The online handwritten flowchart dataset, CASIA-OHFC, was built by the National Laboratory of Pattern Recognition (NLPR), Institute of Automation of Chinese Academy of Sciences (CASIA). CASIA-OHFC contains 2,957 diagrams which were created from about 600 flowchart templates with various complexity. The diagrams were drawn by 205 writers using Huawei tablets, and each writer averagely drew 15 different diagrams given 15 different templates.
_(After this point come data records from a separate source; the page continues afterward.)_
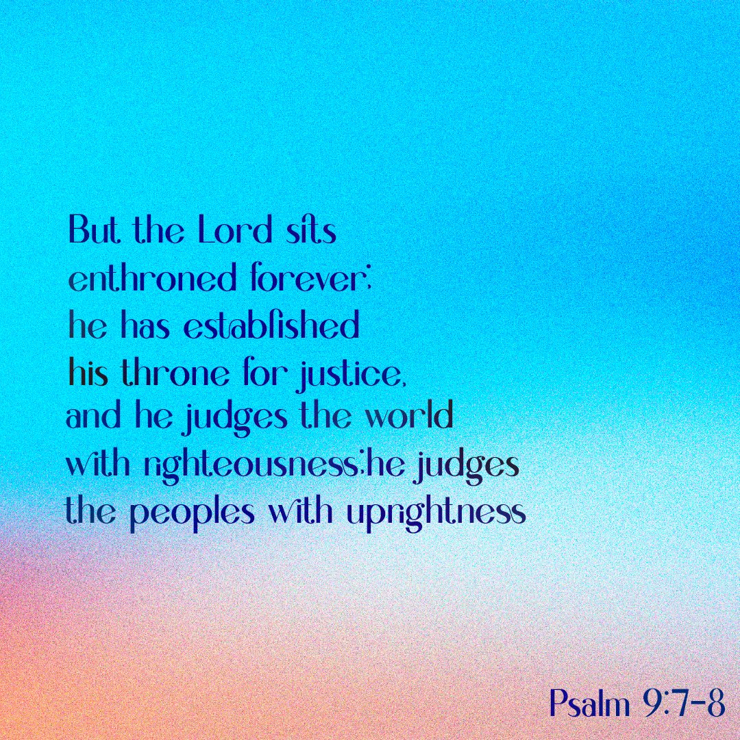 The Lord has established His throne in judgement and His sovereign authority rules over all. After recounting Gods wonderful deeds of the past in verses 3-6 the Psalmist now shifts his focus to what God will do in the future in verses 7-12 you may. He is unchanging and changeless and His righteousness abides forever.
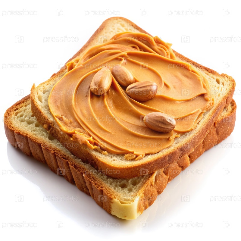 Арахисовое масло и поджаренный хлеб с кусочками арахиса на белом фоне. Генеративный ИИ
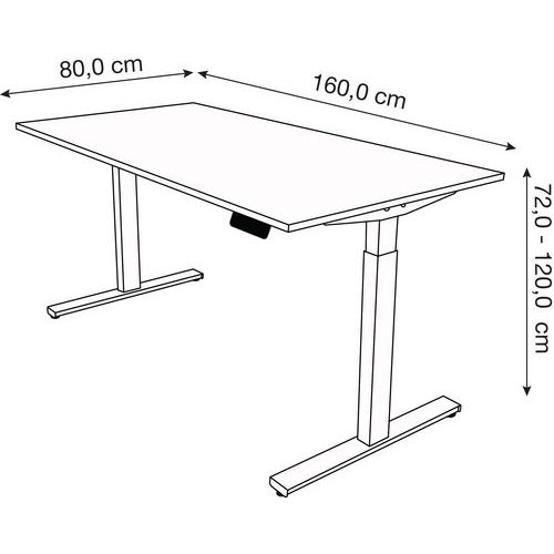 Scrivania regolabile in altezza da 72 cm a 120 cm. Ripiano superiore in melaminico ABS di 19 mm. Struttura in acciaio e piedi a forma di T. Funzione di memoria: 4 altezze preregistrate per una regolazione con la massima facilità. Si monta a una velocità di 36 mm/s.

Each diagram contains a number of handwritten strokes, and each stroke is a sequence of points recording the (x,y) coordinates, time, pressure and the state of pen tip. CASIA-OHFC involves 31 classes of symbols including common graphic symbols and text. A typical template (diagram) has about 10 graphic symbols, several connecting arrows, and some instances of texts (inside the graphic symbols or beside the arrows indicating the meaning of every operation). Two types of labels are provided for each stroke: the semantic class and instance ID of its associate symbol. The dataset is released in Ink Markup Language standard. Figure 1 shows an example of annotated online diagram.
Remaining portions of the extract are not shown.